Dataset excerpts
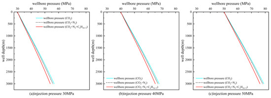 The pressure distribution of the fluid in the tubing with three kinds of CO2 components at different injection pressures: (a) the pressure distribution of the fluid in the tubing with three kinds of CO2 components at an injection pressure of 30 MPa; (b) the pressure distribution of the fluid in the tubing with three kinds of CO2 components at an injection pressure of 40 MPa; (c) the pressure distribution of the fluid in the tubing with three kinds of CO2 components at an injection pressure of 50 MPa.
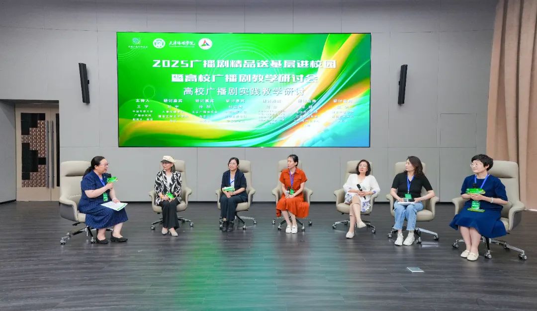 高校广播剧实践教学研讨由中国传媒大学广播研究院副院长王宇教授主持,中国传媒大学戏剧影视学院党委副书记杨竞博、浙江传媒学院传媒实践教学与艺术创作中心主任郦娜、天津传媒学院客座教授刘沙、天津传媒学院播音主持艺术学院院长刘宇,河北传媒学院影视艺术学院副院长梁锐,北京广播电视台燃剧社负责人徐然围绕高校广播剧教学与创作展开深入讨论。嘉宾们介绍了跨专业联合课程建设、技术赋能、校台合作等广播剧领域的创新举措,提出了许多建设性的意见与建议。刘宇院长介绍了学院开设的“影视剧配音和广播剧演播方向”的课程内容与教学方式,并表示天津传媒学院“以德铸魂、以文化人、以创带教、以产促学”的办学特色,为播音主持艺术学院的广播剧教学提供了有效支撑。
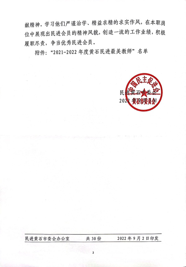 本网讯 近日,中国民主促进会黄石委员会决定,对在教育事业中做出突出贡献的教育界会员进行了表彰,AK(中国)黄蓓佳同志荣获“2021-2022年度黄石民进最美教师”荣誉称号。
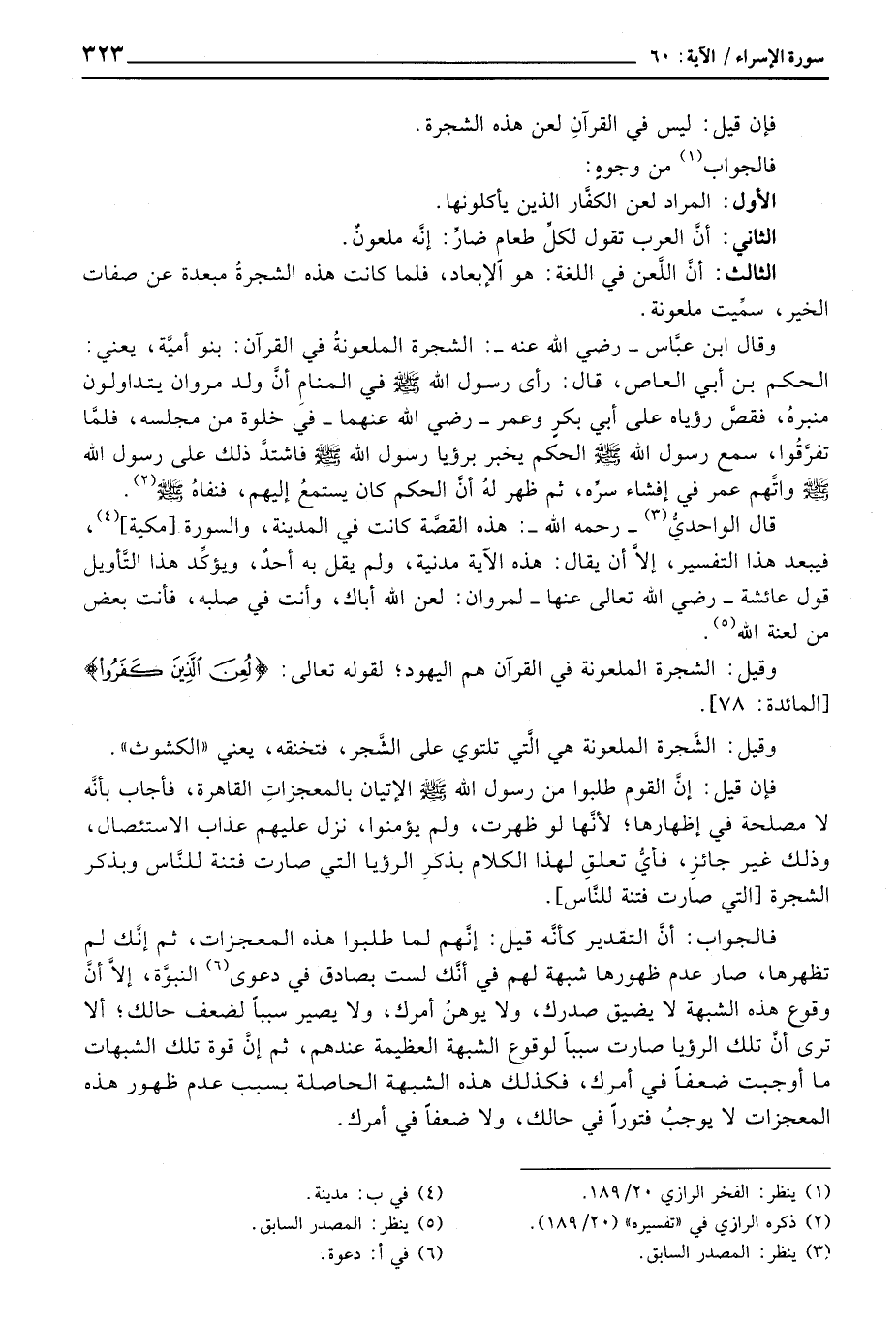 الثالث: أنَّ اللَّعن في اللغة: هو الإبعاد، فلما ك انت هذه الشجرةُ مبعدة عن صفات الخير، سمِّيت ملعونة.
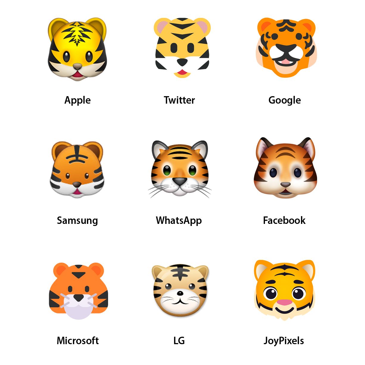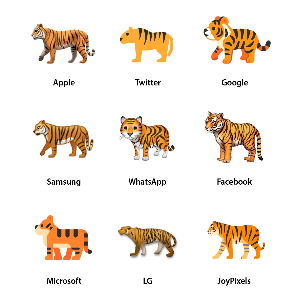 Why two tigers? The aforementioned early Japanese emoji sets each had slightly different set of animals available within their emoji keyboards, so leading up to Unicode 6.0 the Unicode Consortium standardized those which were available (e.g. the ๐ฏ Tiger Face), with some ending up having two versions based on the concurrent desire to include generic animal symbols to cover zodiacal symbols (e.g. the full-bodied ๐ Tiger).
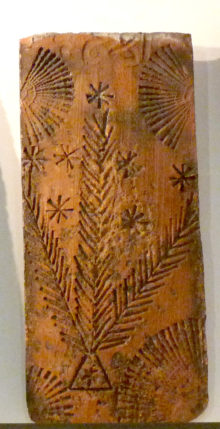 La tuile plate apparaît au XVe siècle. Quelques spécimens sont visibles au Musée Alsacien de Strasbourg. Certaines sont décorées de motifs religieux, de formes végétales ou animales. On peut y apercevoir divers monogrammes d’inspiration chrétienne.
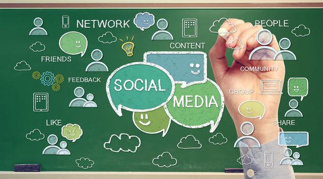 Social media concept on green chalk board
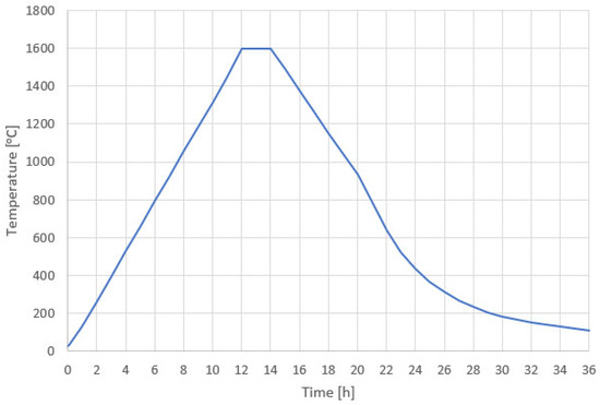 The final stage of the process was ceramic sintering. Samples were sintered in ambient air (no controlled atmosphere was employed). The furnace was heated at an average rate of ~133 °C/h to 1600 °C, soaked at 1600 °C for 2 h, and then furnace-cooled (cooled with the furnace) with an average cooling rate of ~68 °C/h between 1600 and 100 °C, followed by passive cooling to room temperature. The total thermal cycle time was ~36 h. The sintering temperature profile is shown in Figure 3.
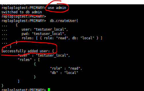 db.createUser({user: "testuser_local",pwd: "testuser_local",roles: [ { role: "read", db: "local" } ]})報錯信息
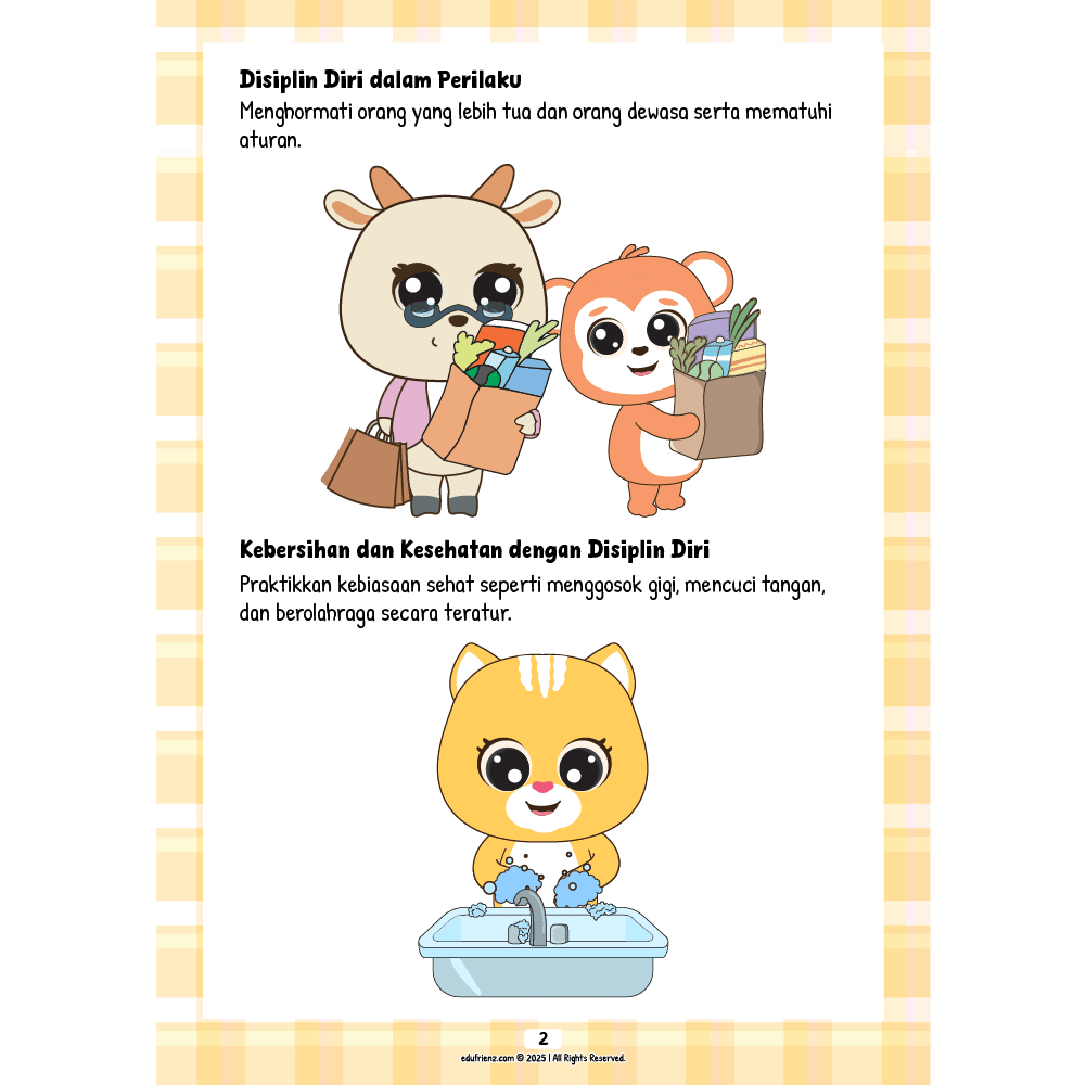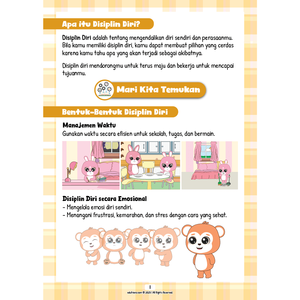 - Put it into Practice: Fun and interactive activities let children apply their learning to real-life situations. From creating daily schedules to identifying well-disciplined behaviors, these activities make learning stick! (English & Problem-Solving)

- What you need to do
Would you set down the records above once more, exactly, with the pictures removed?

- Reply to the task
 The pressure distribution of the fluid in the tubing with three kinds of CO2 components at different injection pressures: (a) the pressure distribution of the fluid in the tubing with three kinds of CO2 components at an injection pressure of 30 MPa; (b) the pressure distribution of the fluid in the tubing with three kinds of CO2 components at an injection pressure of 40 MPa; (c) the pressure distribution of the fluid in the tubing with three kinds of CO2 components at an injection pressure of 50 MPa.
 高校广播剧实践教学研讨由中国传媒大学广播研究院副院长王宇教授主持,中国传媒大学戏剧影视学院党委副书记杨竞博、浙江传媒学院传媒实践教学与艺术创作中心主任郦娜、天津传媒学院客座教授刘沙、天津传媒学院播音主持艺术学院院长刘宇,河北传媒学院影视艺术学院副院长梁锐,北京广播电视台燃剧社负责人徐然围绕高校广播剧教学与创作展开深入讨论。嘉宾们介绍了跨专业联合课程建设、技术赋能、校台合作等广播剧领域的创新举措,提出了许多建设性的意见与建议。刘宇院长介绍了学院开设的“影视剧配音和广播剧演播方向”的课程内容与教学方式,并表示天津传媒学院“以德铸魂、以文化人、以创带教、以产促学”的办学特色,为播音主持艺术学院的广播剧教学提供了有效支撑。
 本网讯 近日,中国民主促进会黄石委员会决定,对在教育事业中做出突出贡献的教育界会员进行了表彰,AK(中国)黄蓓佳同志荣获“2021-2022年度黄石民进最美教师”荣誉称号。
 الثالث: أنَّ اللَّعن في اللغة: هو الإبعاد، فلما ك انت هذه الشجرةُ مبعدة عن صفات الخير، سمِّيت ملعونة.
 Why two tigers? The aforementioned early Japanese emoji sets each had slightly different set of animals available within their emoji keyboards, so leading up to Unicode 6.0 the Unicode Consortium standardized those which were available (e.g. the ๐ฏ Tiger Face), with some ending up having two versions based on the concurrent desire to include generic animal symbols to cover zodiacal symbols (e.g. the full-bodied ๐ Tiger).
 La tuile plate apparaît au XVe siècle. Quelques spécimens sont visibles au Musée Alsacien de Strasbourg. Certaines sont décorées de motifs religieux, de formes végétales ou animales. On peut y apercevoir divers monogrammes d’inspiration chrétienne.
 Social media concept on green chalk board
 The final stage of the process was ceramic sintering. Samples were sintered in ambient air (no controlled atmosphere was employed). The furnace was heated at an average rate of ~133 °C/h to 1600 °C, soaked at 1600 °C for 2 h, and then furnace-cooled (cooled with the furnace) with an average cooling rate of ~68 °C/h between 1600 and 100 °C, followed by passive cooling to room temperature. The total thermal cycle time was ~36 h. The sintering temperature profile is shown in Figure 3.
 db.createUser({user: "testuser_local",pwd: "testuser_local",roles: [ { role: "read", db: "local" } ]})報錯信息
 - Put it into Practice: Fun and interactive activities let children apply their learning to real-life situations. From creating daily schedules to identifying well-disciplined behaviors, these activities make learning stick! (English & Problem-Solving)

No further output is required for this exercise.